The S&S algorithm has been used to identify splice-site mutations in genes associated with several cancers. For example, genes causing commonly occurring cancers including breast cancer, ovarian cancer, colorectal cancer, leukemia, head and neck cancers, prostate cancer, retinoblastoma, squamous cell carcinoma, gastrointestinal cancer, melanoma, liver cancer, Lynch syndrome, skin cancer, and neurofibromatosis have been found. In addition, splicing mutations in genes causing less commonly known cancers including gastric cancer, gangliogliomas, Li-Fraumeni syndrome, Loeys–Dietz syndrome, Osteochondromas (bone tumor), Nevoid basal cell carcinoma syndrome, and Pheochromocytomas have been identified.

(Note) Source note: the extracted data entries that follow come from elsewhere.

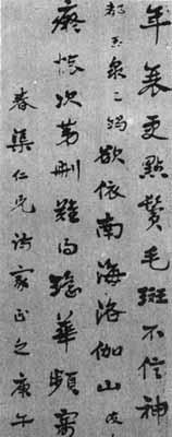 【简介】: 近代·郑沅书。纸本。行书。共四行,九十七字。写于一九三〇年,尺寸不详。载一九八八年四川美术出版社《民国时期书法》(下)。 【赏析】: 郑沅的书法早年攻习籀篆,行楷书学王羲之,得王字之秀逸遒劲,后攻章草。他的这幅作品就其笔画的波磔和迴环形式、字间布白、风貌趋于章草。但从构字来看,却是杂揉隷书、章草、楷行而用之,融洽交合,浑然成篇,并无拼凑之感。足见作者于书道涉猎之广,并善于融滙贯通,爲我所用的功力和才能。 作品布局精雅端严,行序和谐,疏密互衬,虚实相映;字势以横扁朗健爲基调,异式揉合,机杼自出,在平正中寓流动;笔画瘦峭犀利而纤秾互见。通篇意韵淸峻虚远,格调不俗。
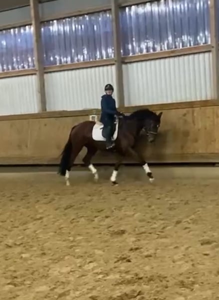 Verkauft wird aeine wunderschöne Hannoveraner Stute, geboren im Jahr 2022 von Fürst Zonik/ aus der Staatsprämienstute Delta von Dancier/ Wolkentanz. Filli Fee ist angeritten und überzeugt durch ihre elegante Erscheinung und ihr vielversprechendes Dressurtalent. Sie ist ein charakterstarkes Pferd, das ehrgeizig ist und sicher noch ein bisschen Zeit benötigt, aber genügend Biss für den gehobenen Dressursport mitbringt. Vor allem Galopp und Schritt sind hervorzuheben. Filli ist anderen Pferden gegenüber sehr sozial und läuft aktuell noch ohne Eisen. Sie kennt das Reiten auf dem Platz im Gelände und in der Halle und macht gerne Freispringen. Mit einem Stockmaß von 168 cm bietet sie ideale Proportionen für ambitionierte Reiterinnen und Reiter. Diese junge Dressurstute ist ein vielversprechender Nachwuchs für den gehobenen Turnierreitsport oder anspruchsvollen Freizeitreiter. Gute Röntgenbilder sind vorhanden Bei Interesse stehe ich gerne für weitere Informationen und eine Besichtigung zur Verfügung. 0174/5630008
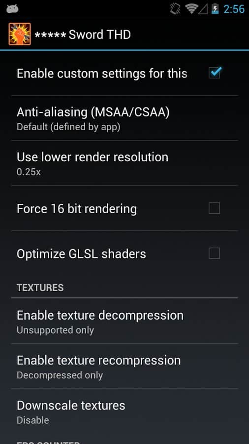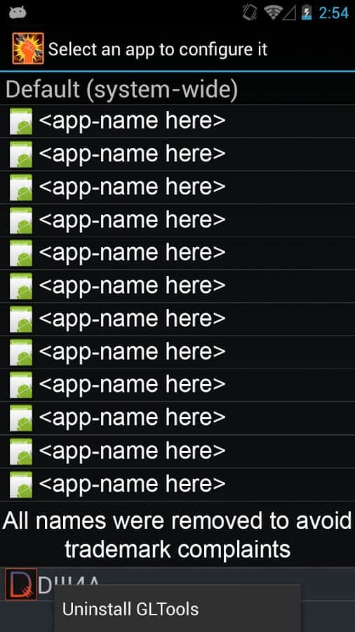GLTools es un controlador OpenGL personalizado, combina con cualquier GPU OpenGL ES 2.0 y procesadores ARM. Desafortunadamente, los procesadores x86 no son compatibles, por ejemplo, la Galaxy Tab 3. El análogo más cercano a esta aplicación - Chainfire3D.
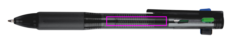 Plastikust pastapliiats 4 värvilise kirjutusmiiniga (sinine, must, punane ja roheline). Teie logo trükitakse klipi alla.
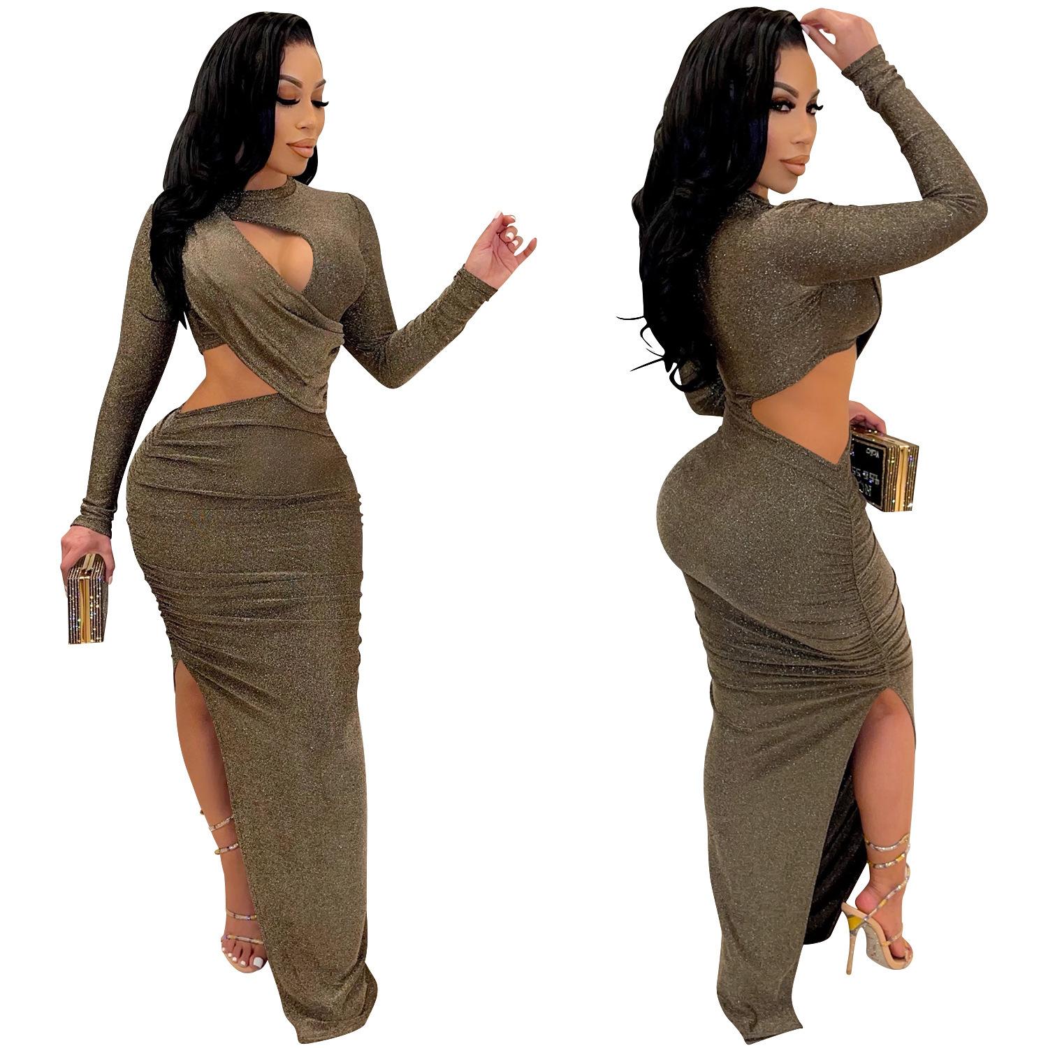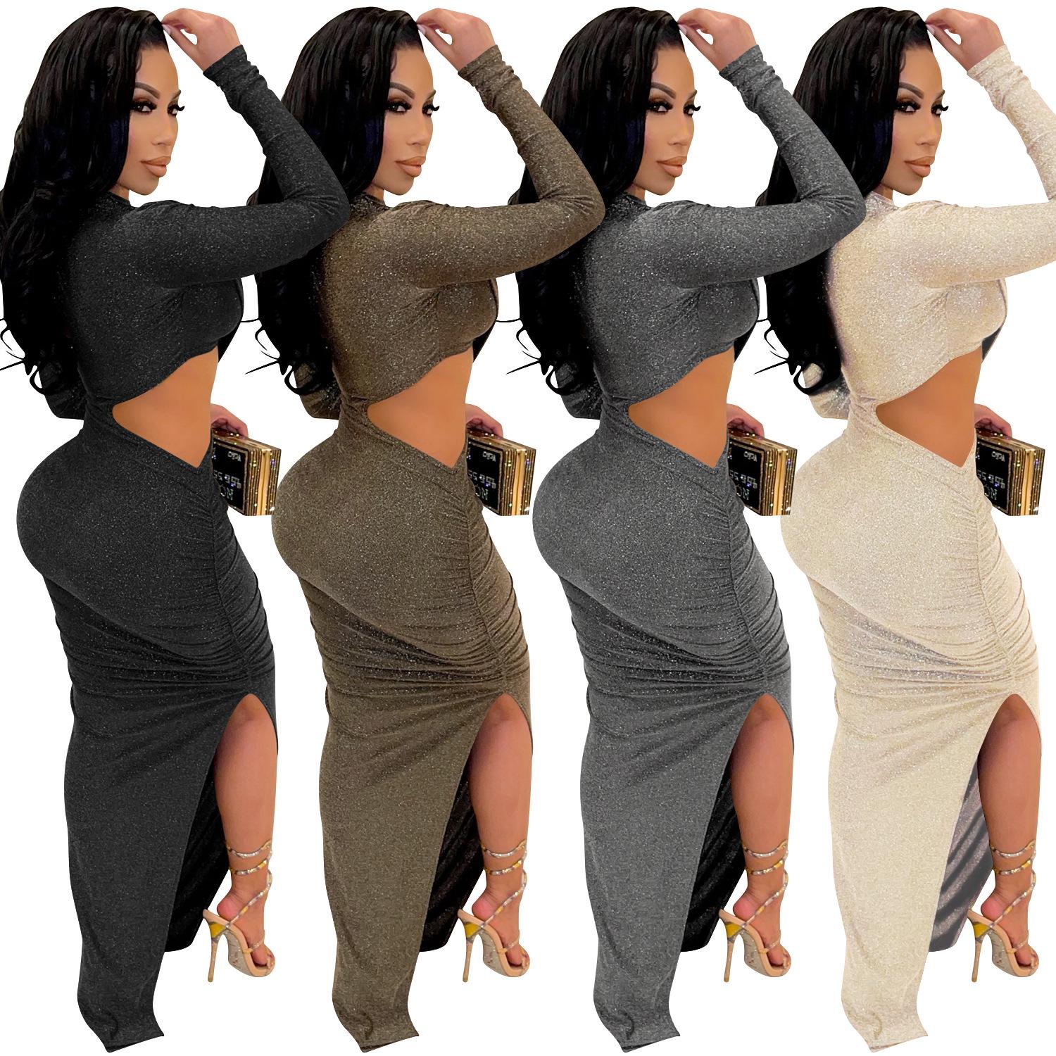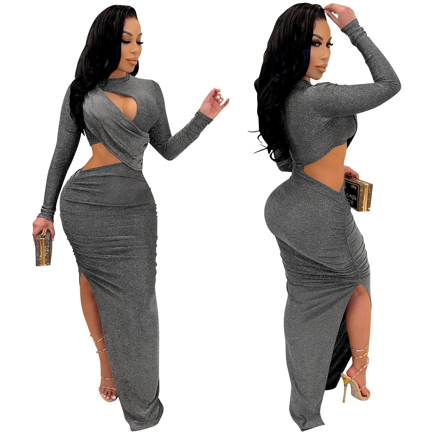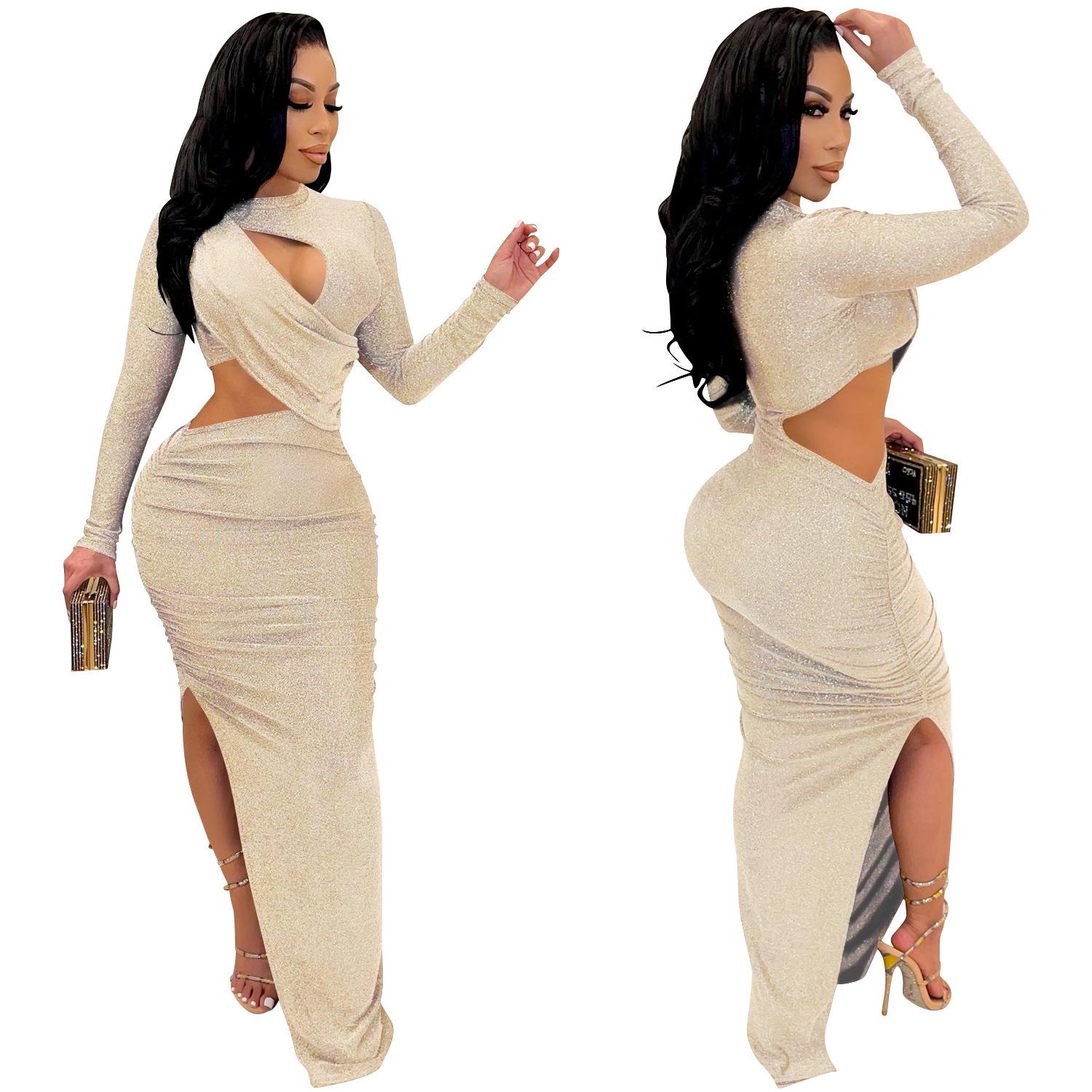 C5550 verano nuevo europeo y americano Amazon transfronterizo moda manga larga sexy hueco dividido vestido vestido mujer

Specific mutations in different splice sites in various genes causing breast cancer (e.g., BRCA1, PALB2), ovarian cancer (e.g., SLC9A3R1, COL7A1, HSD17B7), colon cancer (e.g., APC, MLH1, DPYD), colorectal cancer (e.g., COL3A1, APC, HLA-A), skin cancer (e.g., COL17A1, XPA, POLH), and Fanconi anemia (e.g., FANC, FANA) have been uncovered. The mutations in the donor and acceptor splice sites in different genes causing a variety of cancers that have been identified by S&S are shown in Table 1.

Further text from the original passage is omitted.